Consumer Spending in Switzerland: Insights from a Novel Transactional Data Index with Jonas M. Bruhin, Winfried Koeniger & Robert Rohrkemper
Abstract: We analyze transactional payment data to study consumption expenditure patterns in Switzerland. The high-frequency nature of the data enables credible identification of expenditure changes both across and within weeks, which is essential for business decisions and economic policy analysis. We construct a consumer spending index that is granular across regions and broad product categories, allowing for consistent analysis over multiple years. Using data from 2018 to 2024, we demonstrate the index’s potential to (i) reveal expenditure patterns relevant for strategic decisions by businesses and consumers across weekdays and categories, and (ii) identify economically and statistically significant short-term effects of monetary policy shocks.
The transmission of monetary policy to the cost of hedging with Winfried Koeniger & Stephan Minger
Abstract: We analyze the transmission of monetary policy to the costs of hedging using options order book data. Monetary policy transmits to hedging costs both by changing the relevant state variables, such as the value of the underlying, its volatility and tail risk, and by affecting option market liquidity, including the bid-ask spread and market depth. Our estimates suggest that during the peak of the pandemic crisis in March 2020, monetary policy decisions resulted in substantial changes in hedging costs even within short intraday time windows around the decisions, amounting approximately to the annual expenses of a typical equity mutual fund.
Proxy-identification of a structural MGARCH model for asset returns with Jeannine Polivka
Abstract: We extend the multivariate GARCH (MGARCH) specification for volatility modeling by developing a structural MGARCH model that targets the identification of shocks and volatility spillovers in a speculative return system. Similarly to the proxy-SVAR framework, we leverage auxiliary proxy variables to identify the underlying shock system. The estimation of structural parameters, including an orthogonal matrix, is achieved through techniques derived from Riemannian optimization. Our analysis of daily S&P 500 returns, 10-year Treasury yields, and the US Dollar Index, employing news-driven instrument variables, identifies an equity and a bond market shock.

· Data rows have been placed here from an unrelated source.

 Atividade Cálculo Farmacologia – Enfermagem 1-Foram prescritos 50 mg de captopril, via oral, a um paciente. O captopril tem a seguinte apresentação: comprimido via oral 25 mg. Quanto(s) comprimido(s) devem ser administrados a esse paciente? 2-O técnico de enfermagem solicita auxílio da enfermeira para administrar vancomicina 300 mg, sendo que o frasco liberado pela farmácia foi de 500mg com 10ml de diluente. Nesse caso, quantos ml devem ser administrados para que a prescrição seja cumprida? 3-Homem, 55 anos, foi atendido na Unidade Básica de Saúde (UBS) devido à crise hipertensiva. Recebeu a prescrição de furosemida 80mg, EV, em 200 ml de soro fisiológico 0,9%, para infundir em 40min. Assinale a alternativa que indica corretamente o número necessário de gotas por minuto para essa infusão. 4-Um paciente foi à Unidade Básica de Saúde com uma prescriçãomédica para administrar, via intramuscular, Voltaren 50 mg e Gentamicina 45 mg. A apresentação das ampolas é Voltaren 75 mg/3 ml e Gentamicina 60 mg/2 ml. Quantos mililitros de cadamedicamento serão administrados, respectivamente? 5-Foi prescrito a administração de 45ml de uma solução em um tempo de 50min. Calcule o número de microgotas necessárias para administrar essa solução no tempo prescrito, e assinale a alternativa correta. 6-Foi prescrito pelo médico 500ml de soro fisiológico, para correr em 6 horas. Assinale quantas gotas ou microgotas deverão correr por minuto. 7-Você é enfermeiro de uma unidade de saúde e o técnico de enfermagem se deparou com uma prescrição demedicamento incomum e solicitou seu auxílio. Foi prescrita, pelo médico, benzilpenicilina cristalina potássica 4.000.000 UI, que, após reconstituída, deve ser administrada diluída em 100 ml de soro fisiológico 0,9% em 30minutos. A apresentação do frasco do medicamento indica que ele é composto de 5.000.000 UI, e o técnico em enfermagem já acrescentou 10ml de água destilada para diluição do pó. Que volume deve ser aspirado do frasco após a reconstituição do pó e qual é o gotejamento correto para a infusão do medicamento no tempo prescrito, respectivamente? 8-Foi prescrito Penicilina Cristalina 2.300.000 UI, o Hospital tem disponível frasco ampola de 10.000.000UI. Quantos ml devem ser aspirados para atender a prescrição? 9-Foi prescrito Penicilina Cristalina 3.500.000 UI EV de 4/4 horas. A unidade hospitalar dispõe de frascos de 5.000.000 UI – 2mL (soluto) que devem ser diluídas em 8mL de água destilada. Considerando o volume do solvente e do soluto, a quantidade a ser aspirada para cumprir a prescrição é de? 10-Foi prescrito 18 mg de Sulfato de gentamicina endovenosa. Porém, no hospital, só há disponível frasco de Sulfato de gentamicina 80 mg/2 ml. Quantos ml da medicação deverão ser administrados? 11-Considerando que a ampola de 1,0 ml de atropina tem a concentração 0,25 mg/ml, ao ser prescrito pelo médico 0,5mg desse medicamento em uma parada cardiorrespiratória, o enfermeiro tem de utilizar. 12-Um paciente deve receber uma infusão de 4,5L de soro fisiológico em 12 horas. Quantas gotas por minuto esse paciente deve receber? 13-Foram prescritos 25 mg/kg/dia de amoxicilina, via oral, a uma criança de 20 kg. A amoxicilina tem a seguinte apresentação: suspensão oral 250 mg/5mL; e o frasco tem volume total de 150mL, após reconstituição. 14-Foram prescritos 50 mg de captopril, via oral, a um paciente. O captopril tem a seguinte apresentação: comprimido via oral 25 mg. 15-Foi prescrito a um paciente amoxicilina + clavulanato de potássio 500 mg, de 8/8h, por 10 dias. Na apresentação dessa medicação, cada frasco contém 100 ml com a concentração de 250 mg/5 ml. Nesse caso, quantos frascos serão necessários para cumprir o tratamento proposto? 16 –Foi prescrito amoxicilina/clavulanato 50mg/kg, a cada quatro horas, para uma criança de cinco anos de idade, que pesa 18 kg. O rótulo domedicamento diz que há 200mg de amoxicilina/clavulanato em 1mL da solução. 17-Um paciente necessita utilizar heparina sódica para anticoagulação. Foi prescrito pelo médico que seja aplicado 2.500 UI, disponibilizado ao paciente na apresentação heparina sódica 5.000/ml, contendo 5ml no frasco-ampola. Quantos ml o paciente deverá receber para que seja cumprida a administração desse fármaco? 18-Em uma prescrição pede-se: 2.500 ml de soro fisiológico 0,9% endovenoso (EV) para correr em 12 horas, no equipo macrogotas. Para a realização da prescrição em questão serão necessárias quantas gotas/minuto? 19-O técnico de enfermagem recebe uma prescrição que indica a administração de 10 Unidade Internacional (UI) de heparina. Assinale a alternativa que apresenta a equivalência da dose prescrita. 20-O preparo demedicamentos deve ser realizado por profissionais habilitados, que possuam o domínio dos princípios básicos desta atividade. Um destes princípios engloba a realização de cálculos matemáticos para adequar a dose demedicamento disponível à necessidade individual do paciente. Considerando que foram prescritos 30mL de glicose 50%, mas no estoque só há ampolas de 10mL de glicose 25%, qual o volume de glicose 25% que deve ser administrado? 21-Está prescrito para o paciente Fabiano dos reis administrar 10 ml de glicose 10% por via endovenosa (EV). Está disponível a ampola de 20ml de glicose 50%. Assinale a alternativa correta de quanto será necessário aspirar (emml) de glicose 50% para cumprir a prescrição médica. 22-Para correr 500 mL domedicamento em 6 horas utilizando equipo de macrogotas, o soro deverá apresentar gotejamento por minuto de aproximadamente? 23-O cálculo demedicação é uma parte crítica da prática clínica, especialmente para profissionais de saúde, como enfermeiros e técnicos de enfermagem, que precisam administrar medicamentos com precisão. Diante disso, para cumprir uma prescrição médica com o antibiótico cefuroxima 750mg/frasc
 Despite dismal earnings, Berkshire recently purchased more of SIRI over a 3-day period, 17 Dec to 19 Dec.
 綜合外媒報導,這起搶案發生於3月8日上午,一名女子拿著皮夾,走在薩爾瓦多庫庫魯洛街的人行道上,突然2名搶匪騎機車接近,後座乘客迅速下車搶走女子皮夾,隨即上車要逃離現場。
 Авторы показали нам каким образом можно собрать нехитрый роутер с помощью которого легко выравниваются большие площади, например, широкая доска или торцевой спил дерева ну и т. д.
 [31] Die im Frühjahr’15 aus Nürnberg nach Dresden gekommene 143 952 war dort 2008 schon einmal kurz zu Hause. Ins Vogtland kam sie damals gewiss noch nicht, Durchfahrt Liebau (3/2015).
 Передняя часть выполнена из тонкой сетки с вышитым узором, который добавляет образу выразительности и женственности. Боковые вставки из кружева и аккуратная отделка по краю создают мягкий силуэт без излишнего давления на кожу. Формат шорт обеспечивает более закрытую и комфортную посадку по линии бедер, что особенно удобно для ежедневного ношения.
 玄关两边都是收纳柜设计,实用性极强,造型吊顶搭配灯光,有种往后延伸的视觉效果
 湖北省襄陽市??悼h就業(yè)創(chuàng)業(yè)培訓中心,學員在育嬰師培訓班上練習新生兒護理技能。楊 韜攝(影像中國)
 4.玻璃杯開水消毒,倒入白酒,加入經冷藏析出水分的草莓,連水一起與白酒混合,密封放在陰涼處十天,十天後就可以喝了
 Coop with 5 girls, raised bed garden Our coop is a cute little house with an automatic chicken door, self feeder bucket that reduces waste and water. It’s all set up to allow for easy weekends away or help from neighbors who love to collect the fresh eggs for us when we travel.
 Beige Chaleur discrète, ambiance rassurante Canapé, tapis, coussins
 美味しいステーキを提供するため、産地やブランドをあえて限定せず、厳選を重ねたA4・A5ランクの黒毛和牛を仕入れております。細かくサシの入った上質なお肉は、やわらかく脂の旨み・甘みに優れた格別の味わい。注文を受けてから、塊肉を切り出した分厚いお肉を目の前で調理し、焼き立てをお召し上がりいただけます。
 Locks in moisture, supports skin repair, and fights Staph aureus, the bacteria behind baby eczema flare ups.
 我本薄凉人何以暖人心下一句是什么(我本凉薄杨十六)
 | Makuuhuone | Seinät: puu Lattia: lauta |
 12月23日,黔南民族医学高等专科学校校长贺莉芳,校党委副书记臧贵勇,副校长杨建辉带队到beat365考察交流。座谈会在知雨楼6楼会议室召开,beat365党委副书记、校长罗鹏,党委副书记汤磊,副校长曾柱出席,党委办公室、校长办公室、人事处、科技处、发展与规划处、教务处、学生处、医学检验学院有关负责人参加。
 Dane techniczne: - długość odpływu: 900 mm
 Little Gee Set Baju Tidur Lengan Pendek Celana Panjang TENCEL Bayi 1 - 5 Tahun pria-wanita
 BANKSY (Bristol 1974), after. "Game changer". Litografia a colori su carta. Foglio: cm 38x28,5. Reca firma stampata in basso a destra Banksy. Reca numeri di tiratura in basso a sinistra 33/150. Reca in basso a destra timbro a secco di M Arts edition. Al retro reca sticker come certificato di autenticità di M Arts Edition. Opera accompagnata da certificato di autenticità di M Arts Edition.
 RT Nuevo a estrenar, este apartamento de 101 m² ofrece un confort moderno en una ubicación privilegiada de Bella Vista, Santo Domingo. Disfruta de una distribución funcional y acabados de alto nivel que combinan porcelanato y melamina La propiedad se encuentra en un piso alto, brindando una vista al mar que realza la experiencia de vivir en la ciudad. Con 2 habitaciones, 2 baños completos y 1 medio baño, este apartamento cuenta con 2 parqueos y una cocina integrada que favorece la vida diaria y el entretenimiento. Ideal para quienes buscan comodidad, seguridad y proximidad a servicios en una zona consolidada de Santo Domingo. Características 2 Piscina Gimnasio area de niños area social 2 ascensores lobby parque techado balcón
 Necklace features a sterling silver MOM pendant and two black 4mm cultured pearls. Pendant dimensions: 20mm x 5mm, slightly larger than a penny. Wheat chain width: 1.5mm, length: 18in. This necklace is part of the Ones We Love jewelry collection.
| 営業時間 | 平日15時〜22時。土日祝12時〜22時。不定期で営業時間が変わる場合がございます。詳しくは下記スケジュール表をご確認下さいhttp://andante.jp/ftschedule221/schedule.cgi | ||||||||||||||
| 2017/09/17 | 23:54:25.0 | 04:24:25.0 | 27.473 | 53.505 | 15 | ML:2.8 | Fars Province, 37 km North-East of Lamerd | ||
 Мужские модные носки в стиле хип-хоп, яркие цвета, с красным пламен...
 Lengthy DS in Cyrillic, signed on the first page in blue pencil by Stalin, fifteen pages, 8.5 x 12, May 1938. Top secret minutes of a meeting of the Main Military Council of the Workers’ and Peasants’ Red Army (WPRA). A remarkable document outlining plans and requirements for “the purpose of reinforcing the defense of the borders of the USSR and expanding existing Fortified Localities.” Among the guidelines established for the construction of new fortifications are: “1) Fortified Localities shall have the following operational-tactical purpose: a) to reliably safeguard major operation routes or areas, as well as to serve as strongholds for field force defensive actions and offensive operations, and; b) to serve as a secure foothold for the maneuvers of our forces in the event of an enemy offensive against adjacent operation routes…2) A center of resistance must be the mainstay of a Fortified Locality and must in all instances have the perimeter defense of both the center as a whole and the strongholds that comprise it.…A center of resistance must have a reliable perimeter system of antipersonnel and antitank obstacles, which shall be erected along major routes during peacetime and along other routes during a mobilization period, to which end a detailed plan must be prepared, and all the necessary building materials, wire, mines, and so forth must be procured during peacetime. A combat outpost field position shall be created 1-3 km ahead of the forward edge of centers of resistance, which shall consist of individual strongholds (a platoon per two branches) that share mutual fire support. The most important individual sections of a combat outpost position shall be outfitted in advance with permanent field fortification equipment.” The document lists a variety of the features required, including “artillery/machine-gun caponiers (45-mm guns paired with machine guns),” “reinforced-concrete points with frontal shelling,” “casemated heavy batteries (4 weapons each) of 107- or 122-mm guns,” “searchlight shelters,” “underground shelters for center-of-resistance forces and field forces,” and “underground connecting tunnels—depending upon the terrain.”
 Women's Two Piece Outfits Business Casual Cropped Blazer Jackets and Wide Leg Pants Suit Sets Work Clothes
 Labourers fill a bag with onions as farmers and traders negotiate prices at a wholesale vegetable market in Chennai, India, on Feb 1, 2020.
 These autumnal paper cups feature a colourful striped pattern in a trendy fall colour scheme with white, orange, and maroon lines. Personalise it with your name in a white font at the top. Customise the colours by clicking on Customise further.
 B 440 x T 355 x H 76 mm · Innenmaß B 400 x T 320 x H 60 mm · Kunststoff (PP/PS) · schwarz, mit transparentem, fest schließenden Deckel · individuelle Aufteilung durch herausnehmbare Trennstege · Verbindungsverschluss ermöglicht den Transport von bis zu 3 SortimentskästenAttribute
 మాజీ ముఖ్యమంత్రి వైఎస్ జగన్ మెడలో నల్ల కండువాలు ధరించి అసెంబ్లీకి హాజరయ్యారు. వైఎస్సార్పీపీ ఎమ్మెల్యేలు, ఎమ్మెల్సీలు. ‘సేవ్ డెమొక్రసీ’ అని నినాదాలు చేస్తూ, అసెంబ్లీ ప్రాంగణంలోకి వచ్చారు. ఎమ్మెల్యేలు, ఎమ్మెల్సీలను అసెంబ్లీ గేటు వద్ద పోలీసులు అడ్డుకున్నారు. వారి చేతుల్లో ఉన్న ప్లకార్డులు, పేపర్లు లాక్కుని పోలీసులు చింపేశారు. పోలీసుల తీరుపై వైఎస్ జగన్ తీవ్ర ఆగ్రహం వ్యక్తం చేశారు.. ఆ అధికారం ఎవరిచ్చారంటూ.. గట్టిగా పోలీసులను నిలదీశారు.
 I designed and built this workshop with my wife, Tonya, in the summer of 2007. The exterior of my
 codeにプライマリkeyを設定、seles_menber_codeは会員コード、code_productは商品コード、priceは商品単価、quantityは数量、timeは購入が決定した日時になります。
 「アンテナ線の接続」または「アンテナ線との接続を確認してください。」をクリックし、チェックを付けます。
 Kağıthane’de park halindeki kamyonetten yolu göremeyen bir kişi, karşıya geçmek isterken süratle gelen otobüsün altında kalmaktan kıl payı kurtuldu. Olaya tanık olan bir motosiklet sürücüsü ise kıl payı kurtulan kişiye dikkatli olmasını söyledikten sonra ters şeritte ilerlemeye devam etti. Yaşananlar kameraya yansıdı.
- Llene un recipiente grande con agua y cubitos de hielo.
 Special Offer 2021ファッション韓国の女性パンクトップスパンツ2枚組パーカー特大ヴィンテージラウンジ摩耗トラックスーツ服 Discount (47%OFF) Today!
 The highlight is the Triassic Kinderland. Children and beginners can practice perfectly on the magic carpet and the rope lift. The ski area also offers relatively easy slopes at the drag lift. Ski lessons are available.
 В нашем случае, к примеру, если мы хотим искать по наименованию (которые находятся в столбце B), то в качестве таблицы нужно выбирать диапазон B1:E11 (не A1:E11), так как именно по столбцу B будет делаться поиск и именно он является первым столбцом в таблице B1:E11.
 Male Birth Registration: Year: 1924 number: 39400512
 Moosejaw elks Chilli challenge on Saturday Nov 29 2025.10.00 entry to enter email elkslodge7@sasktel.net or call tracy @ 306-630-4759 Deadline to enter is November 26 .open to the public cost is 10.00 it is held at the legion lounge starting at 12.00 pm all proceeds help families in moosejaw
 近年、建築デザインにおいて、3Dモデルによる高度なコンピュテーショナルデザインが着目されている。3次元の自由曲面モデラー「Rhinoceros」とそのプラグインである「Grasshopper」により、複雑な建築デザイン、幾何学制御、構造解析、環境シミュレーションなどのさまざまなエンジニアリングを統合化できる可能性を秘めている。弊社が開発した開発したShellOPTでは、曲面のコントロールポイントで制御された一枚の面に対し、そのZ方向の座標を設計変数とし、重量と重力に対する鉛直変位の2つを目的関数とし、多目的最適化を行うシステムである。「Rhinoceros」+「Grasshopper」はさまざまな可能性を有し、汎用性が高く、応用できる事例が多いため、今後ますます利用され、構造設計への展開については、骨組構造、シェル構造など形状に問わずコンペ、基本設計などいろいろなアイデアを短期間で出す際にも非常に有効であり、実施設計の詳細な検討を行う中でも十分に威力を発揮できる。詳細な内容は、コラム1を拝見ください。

Locally adaptive modeling of unconditional heteroskedasticity with Bruno Jäger & Ostap Okhrin
Abstract: We study local change-point detection in variance using generalized likelihood ratio tests. Building on Suvorikova & Spokoiny (2017), we utilize the multiplier bootstrap to approximate the unknown, non-asymptotic distribution of the test statistic and introduce a multiplicative bias correction that improves upon the existing additive version. This proposed correction offers a clearer interpretation of the bootstrap estimators while significantly reducing computational costs. Simulation results demonstrate that our method performs comparably to the original approach. We apply it to the growth rates of U.S. inflation, industrial production, and Bitcoin returns.
Global estimation of realized spot volatility in the presence of price jumps with Wale Dare
[Link to Current Draft]
Abstract: We propose a non-parametric procedure for estimating the realized spot volatility of a price process described by an Itô semimartingale with Lévy jumps. The procedure integrates the threshold jump elimination technique of Mancini (2009) with a frame (Gabor) expansion of the realized trajectory of spot volatility. We show that the procedure converges in probability in L2([0, T]) for a wide class of spot volatility processes, including those with discontinuous paths. Our analysis assumes the time interval between price observations tends to zero; as a result, the intended application is for the analysis of high frequency financial data.